What the task asks: Print, exactly as written, the line in the entries below that contains "Nezza vole la" and every line after it up to and including the last. Omit pictures.

Record excerpts below:

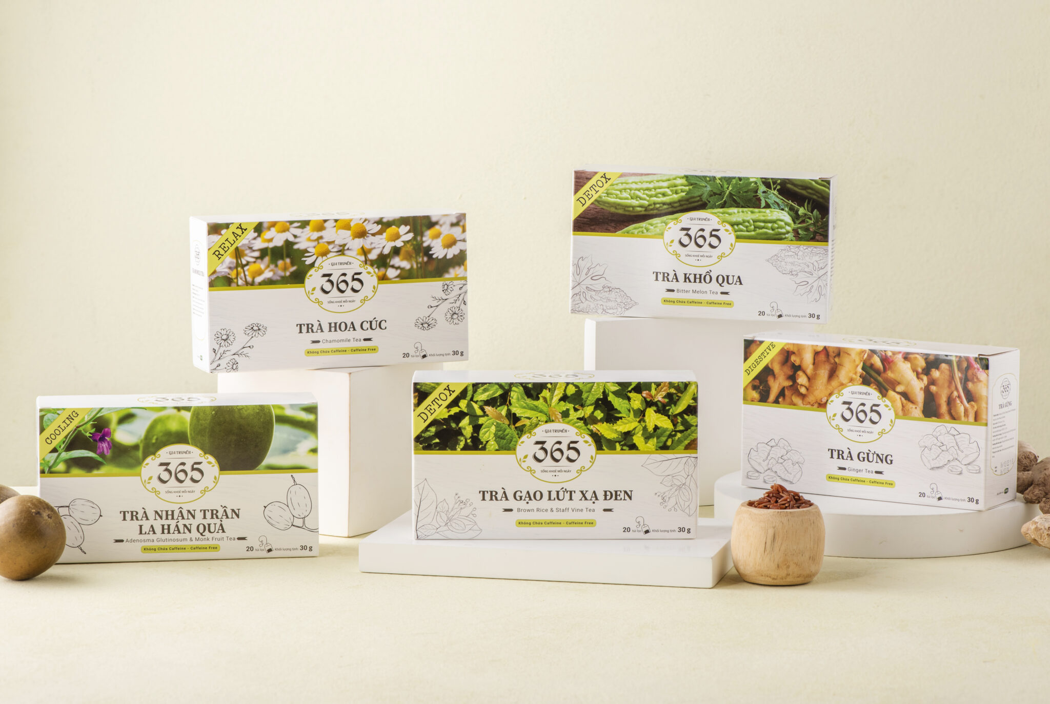 Sau nhiều năm không ngừng nghiên cứu và phát triển về trà, Công ty đã thành công ra mắt Trà thảo mộc nhãn hiệu 365 với các dòng sản phẩm: Trà gạo lứt xạ đen, trà hoa cúc, trà nhân trần la hán quả, trà gừng, trà khổ qua và trà atiso.
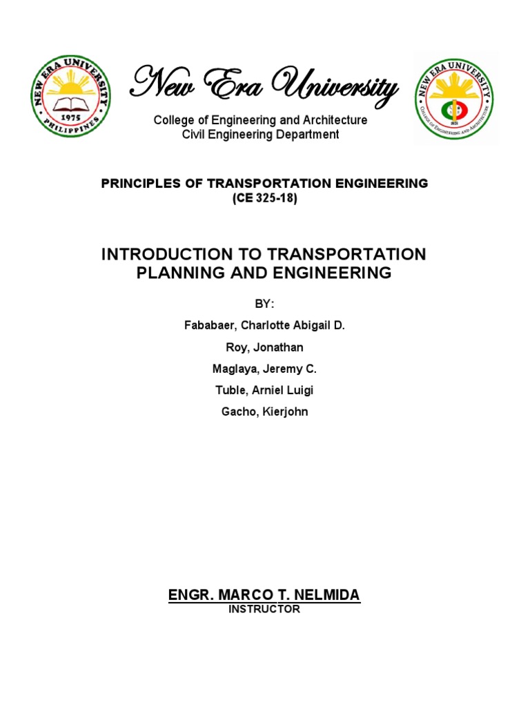 Introduction To Transportation Engineering and Planninggroup 1 | PDF
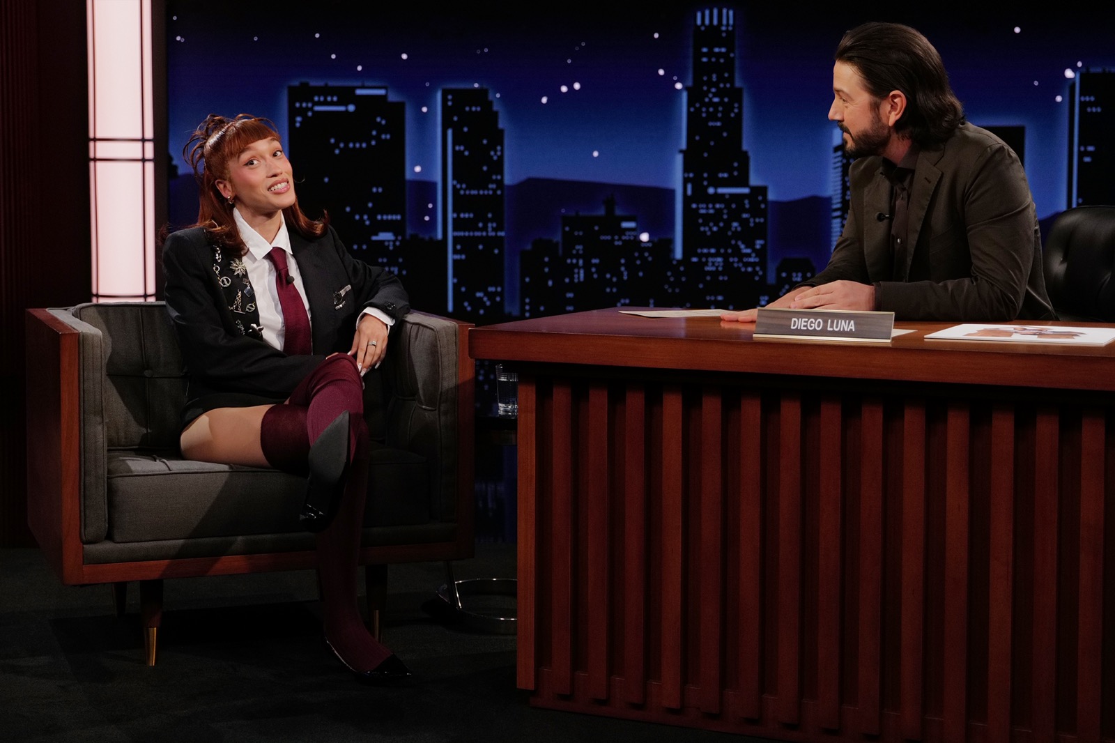 Nezza vole la vedette à Jimmy Kimmel avec son look d’écolière rock !
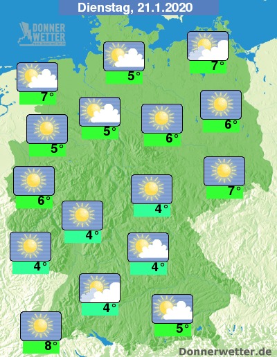 Die Temperaturen klettern nach frostiger Nacht im Laufe des Nachmittags auf Höchstwerte von meistens 4 bis 9 Grad.
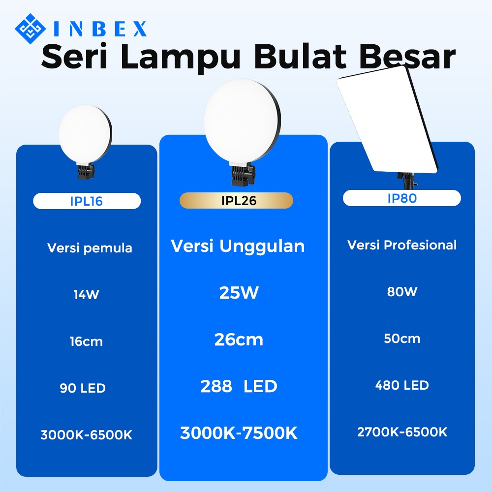 [Putar 360°] INBEX IPL16 Light Bisa diputar 360° Tripod konten kreator ring light 12Inci 8Inci Lampu 3 Warna Bulat Panel Besar Lampu Video streaming Studio

End of Record excerpts.

Solution for this problem:
 Nezza vole la vedette à Jimmy Kimmel avec son look d’écolière rock !
 Die Temperaturen klettern nach frostiger Nacht im Laufe des Nachmittags auf Höchstwerte von meistens 4 bis 9 Grad.
 [Putar 360°] INBEX IPL16 Light Bisa diputar 360° Tripod konten kreator ring light 12Inci 8Inci Lampu 3 Warna Bulat Panel Besar Lampu Video streaming Studio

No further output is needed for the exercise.